Turning to the OpEx trends in Nokia Technologies, where we are investing in both patent creation as well as supporting our licensing efforts. On a quarterly basis, OpEx is predominantly impacted by the timing of R&D projects as well as certain costs related to our licensing activities. These then fluctuate as we invest in new projects and negotiate new license agreements. Completing our OpEx picture, we also have costs related to Group Common Functions. On a non-IFRS basis, these totaled €33 million of SG&A in Q2. Note that in Group Common Functions, the SG&A is generally stable, but the other income and expense can fluctuate.
And now a few words on capital deployment. During Q2, we received shareholder approval to pay both the ordinary and special dividends, totaling €0.37 per share or approximately €1.4 billion. As a reminder, these payments were made in early July, so please take this into account in your Q3 models. In addition, the Board also received approval to commence repurchasing shares after Q2 results. It is our intention to commence the two-year €1.25 billion share buyback program during the current quarter.
Finally on the capital optimization program, as part of our plans to reduce debt by approximately €2 billion, we redeemed approximately €950 million of debt instruments during Q2 related to Nokia Networks. As previously stated, the debt reduction related to our capital optimization program is expected to result in annualized run rate interest savings on at least €100 million, and we are on track to achieve this.
Looking ahead, as we stated in the outlook section of today’s press release, we currently expect our quarterly net financial expense to be approximately €40 million per quarter, subject to changes in foreign exchange rates, which are difficult to predict, and the amount of debt we have on the balance sheet. After taking the actions during Q2, Nokia no longer has material financial covenants in any of its financing instruments or activities.

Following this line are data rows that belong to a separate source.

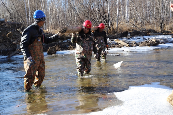 阿木爾林業(yè)局多種經(jīng)營公司職工涉水檢查新建橋梁安全系數(shù)。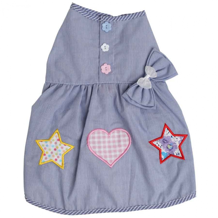 Dieses Kleid von Doggydolly Hundemode ist aus einem leichten grau-weißen Baumwollstoff. Das Hundekleid hat ein aufgenähtes rosa Herz und zwei aufgenähte Sterne auf dem Rock und Blümchenknöpfe am Oberteil. Die weiß-grau gestreifte Schleife an der rechten Seite peppt das schlichte Design zusätzlich auf.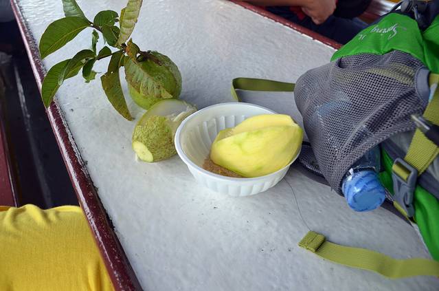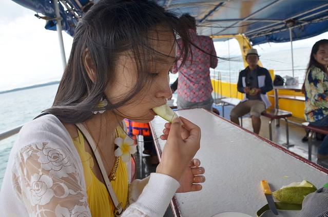 登船后,坐在2楼的甲板上吹风,旁边坐着几个柬埔寨当地小青年,男男女女,大概是相约去高龙岛郊游,带了许多食物,在甲板上有吃有笑,与他们聊天,热情的请我们吃青芒果,那语气,那期待的眼神,说好吃的不行不行的,还强调一定要蘸盐,才更突显美味。

Now a few words on the acquisitions we announced during Q2. As part of our efforts to effectively deploy capital, we look at acquisitions primarily in two ways: first, as a way to add certain specific technologies or expertise to gain speed versus our own internal development; second, as a way to bring in products which we can leverage more broadly in the rest of our businesses and sales channels. We continue to have a very fragmented and rational approach as it relates to value creation through strategic transactions, a process we have applied to the benefit of our shareholders in recent time.
Earlier, Rajeev mentioned the acquisitions we announced in Q2. We believe all of these announcements are consistent with our M&A approach and our commitment to effectively deploy capital.
In closing, I’m pleased with the progress we have made in Q2, having closed the transaction with Microsoft at the end of April. We delivered a strong quarter, particularly in Networks, and are highly focused on capitalizing on the value creation opportunities we see ahead of us across all of our three businesses.
And with that, I’ll hand over to Matt for Q&A.
Matt Shimao – Head of Investor Relations
Thank you, Timo. For the Q&A session, we’ll extend the time a bit. Thank you for bearing with the technical difficulties. But please limit yourself to one question only. Carmen, please go ahead.